> **Work instructions**
Transcribe exactly the lines below that begin at the line with "卡夫威尔19件涂刷工具套装E" and stop after the line with "Epoxy resin (EP)", leaving out every picture.

> **Exercise material**
..........
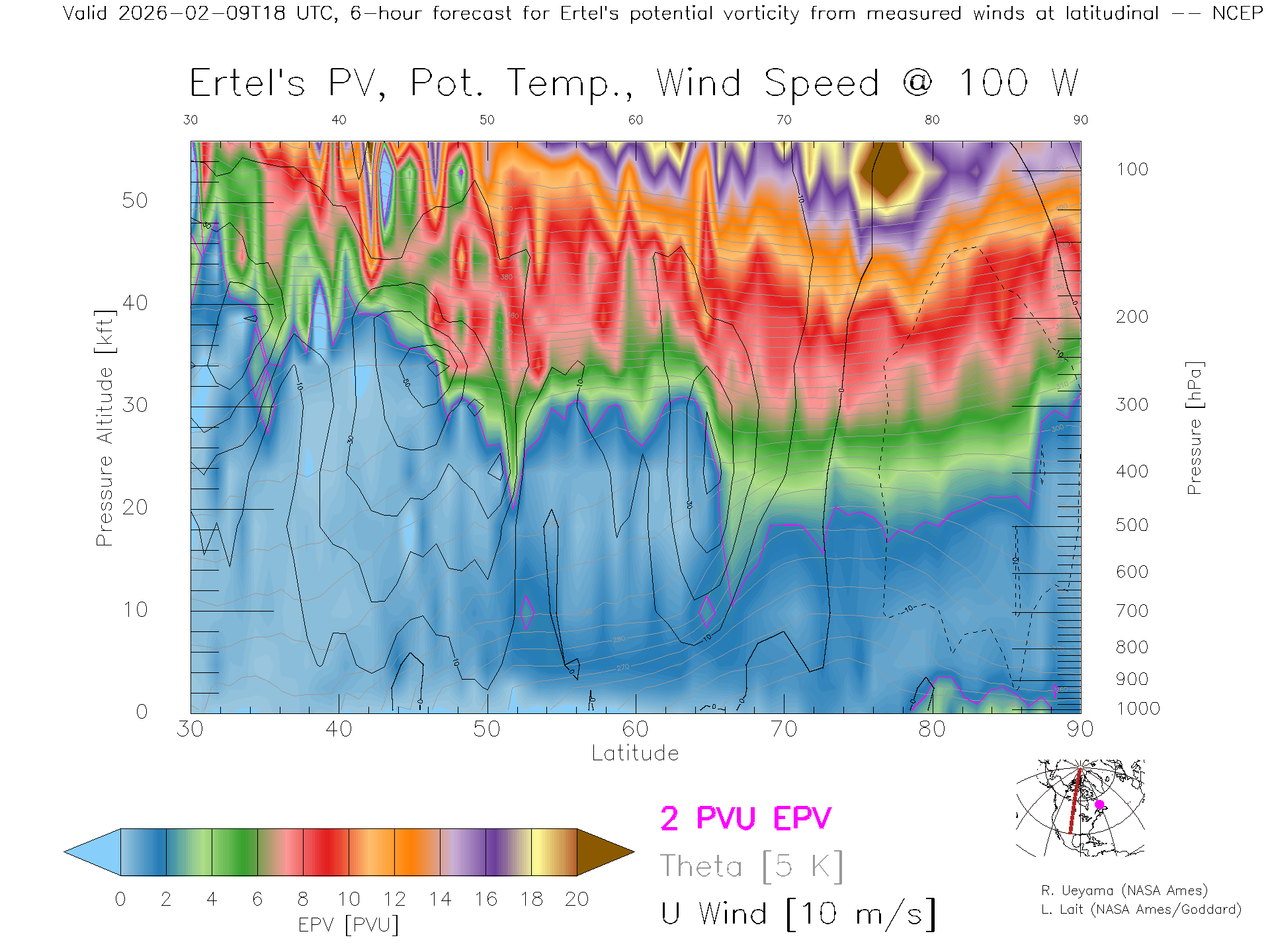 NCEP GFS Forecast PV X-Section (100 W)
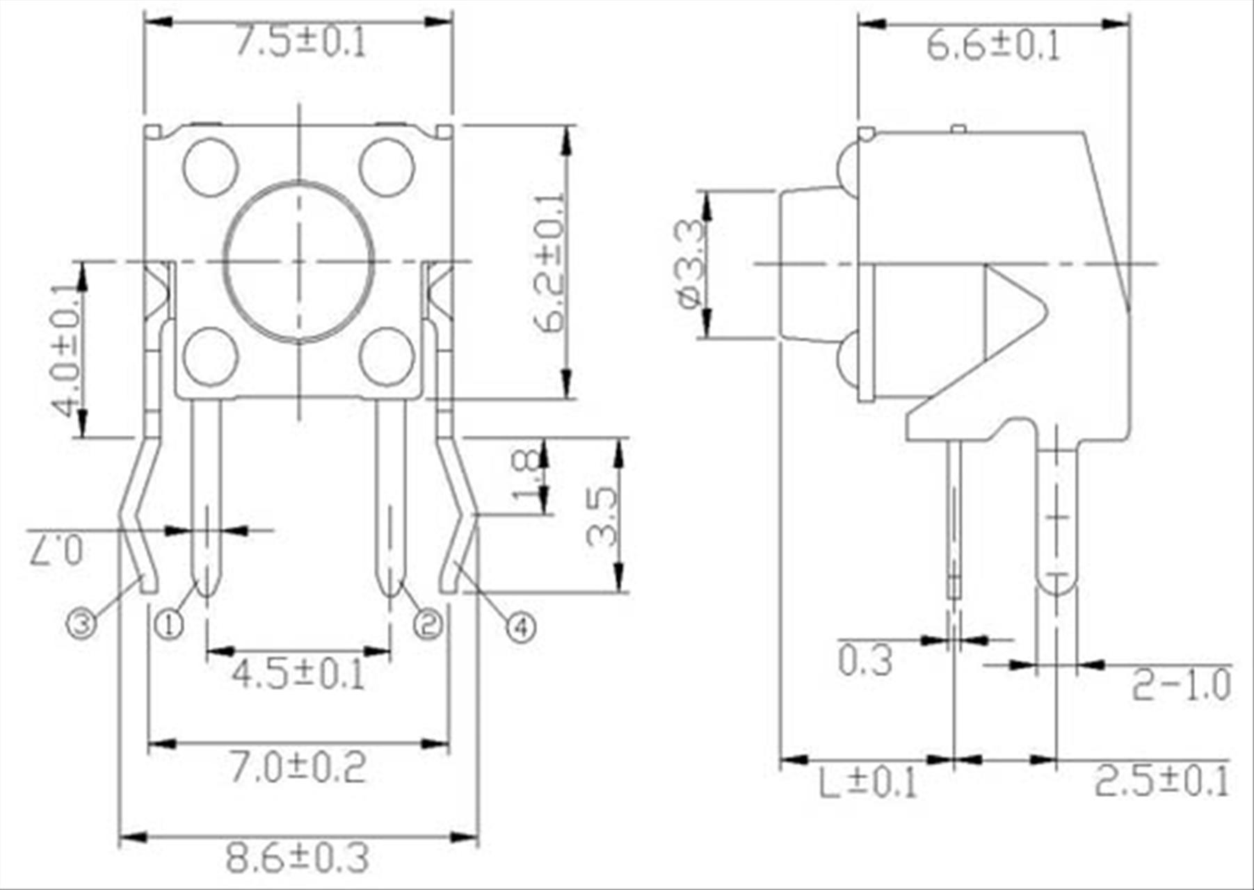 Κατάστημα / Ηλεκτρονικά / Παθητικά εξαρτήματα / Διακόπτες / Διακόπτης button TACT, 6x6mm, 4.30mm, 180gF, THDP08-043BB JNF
..........
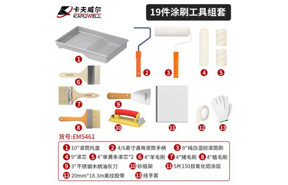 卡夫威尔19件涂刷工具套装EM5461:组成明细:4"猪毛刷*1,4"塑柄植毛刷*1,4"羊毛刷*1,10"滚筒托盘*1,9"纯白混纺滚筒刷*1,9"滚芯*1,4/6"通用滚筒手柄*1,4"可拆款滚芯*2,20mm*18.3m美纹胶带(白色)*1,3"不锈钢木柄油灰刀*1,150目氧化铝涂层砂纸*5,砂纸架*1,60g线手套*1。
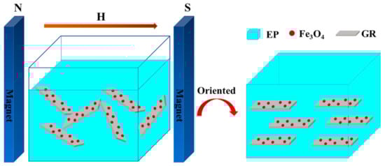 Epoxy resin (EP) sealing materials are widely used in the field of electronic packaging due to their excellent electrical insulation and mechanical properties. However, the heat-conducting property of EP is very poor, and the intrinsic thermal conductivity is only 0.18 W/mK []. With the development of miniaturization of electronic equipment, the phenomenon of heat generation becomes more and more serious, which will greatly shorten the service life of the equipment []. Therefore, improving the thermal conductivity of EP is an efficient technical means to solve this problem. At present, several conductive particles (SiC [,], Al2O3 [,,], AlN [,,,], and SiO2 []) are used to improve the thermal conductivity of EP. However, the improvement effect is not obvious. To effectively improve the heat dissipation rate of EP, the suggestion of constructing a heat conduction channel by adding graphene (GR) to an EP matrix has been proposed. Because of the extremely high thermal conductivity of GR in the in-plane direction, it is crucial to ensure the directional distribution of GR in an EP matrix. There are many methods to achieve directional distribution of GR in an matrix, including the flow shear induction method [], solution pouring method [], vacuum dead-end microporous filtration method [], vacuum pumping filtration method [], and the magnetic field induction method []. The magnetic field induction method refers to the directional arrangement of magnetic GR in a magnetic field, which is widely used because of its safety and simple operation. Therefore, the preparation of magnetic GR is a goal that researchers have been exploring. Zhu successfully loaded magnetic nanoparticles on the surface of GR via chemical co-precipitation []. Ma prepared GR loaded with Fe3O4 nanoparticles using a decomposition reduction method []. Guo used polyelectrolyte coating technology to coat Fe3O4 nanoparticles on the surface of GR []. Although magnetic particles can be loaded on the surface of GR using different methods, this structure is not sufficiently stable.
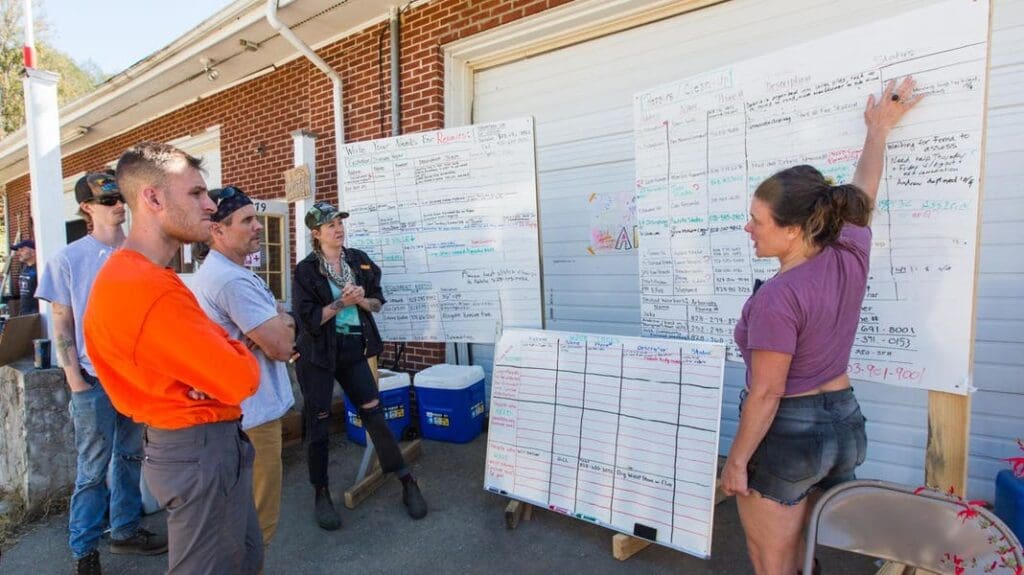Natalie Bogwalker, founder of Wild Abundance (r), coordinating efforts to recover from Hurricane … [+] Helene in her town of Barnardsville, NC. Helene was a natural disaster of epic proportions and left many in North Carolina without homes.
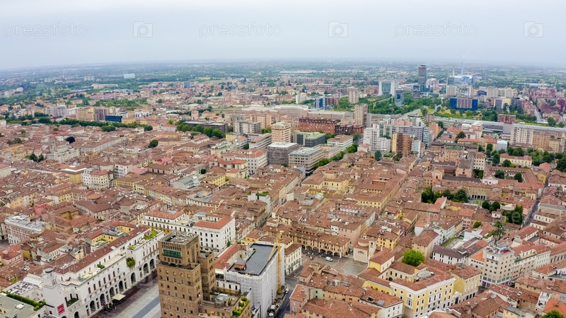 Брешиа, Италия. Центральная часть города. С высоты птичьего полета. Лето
..........
> **Task result**
 卡夫威尔19件涂刷工具套装EM5461:组成明细:4"猪毛刷*1,4"塑柄植毛刷*1,4"羊毛刷*1,10"滚筒托盘*1,9"纯白混纺滚筒刷*1,9"滚芯*1,4/6"通用滚筒手柄*1,4"可拆款滚芯*2,20mm*18.3m美纹胶带(白色)*1,3"不锈钢木柄油灰刀*1,150目氧化铝涂层砂纸*5,砂纸架*1,60g线手套*1。
 Epoxy resin (EP) sealing materials are widely used in the field of electronic packaging due to their excellent electrical insulation and mechanical properties. However, the heat-conducting property of EP is very poor, and the intrinsic thermal conductivity is only 0.18 W/mK []. With the development of miniaturization of electronic equipment, the phenomenon of heat generation becomes more and more serious, which will greatly shorten the service life of the equipment []. Therefore, improving the thermal conductivity of EP is an efficient technical means to solve this problem. At present, several conductive particles (SiC [,], Al2O3 [,,], AlN [,,,], and SiO2 []) are used to improve the thermal conductivity of EP. However, the improvement effect is not obvious. To effectively improve the heat dissipation rate of EP, the suggestion of constructing a heat conduction channel by adding graphene (GR) to an EP matrix has been proposed. Because of the extremely high thermal conductivity of GR in the in-plane direction, it is crucial to ensure the directional distribution of GR in an EP matrix. There are many methods to achieve directional distribution of GR in an matrix, including the flow shear induction method [], solution pouring method [], vacuum dead-end microporous filtration method [], vacuum pumping filtration method [], and the magnetic field induction method []. The magnetic field induction method refers to the directional arrangement of magnetic GR in a magnetic field, which is widely used because of its safety and simple operation. Therefore, the preparation of magnetic GR is a goal that researchers have been exploring. Zhu successfully loaded magnetic nanoparticles on the surface of GR via chemical co-precipitation []. Ma prepared GR loaded with Fe3O4 nanoparticles using a decomposition reduction method []. Guo used polyelectrolyte coating technology to coat Fe3O4 nanoparticles on the surface of GR []. Although magnetic particles can be loaded on the surface of GR using different methods, this structure is not sufficiently stable.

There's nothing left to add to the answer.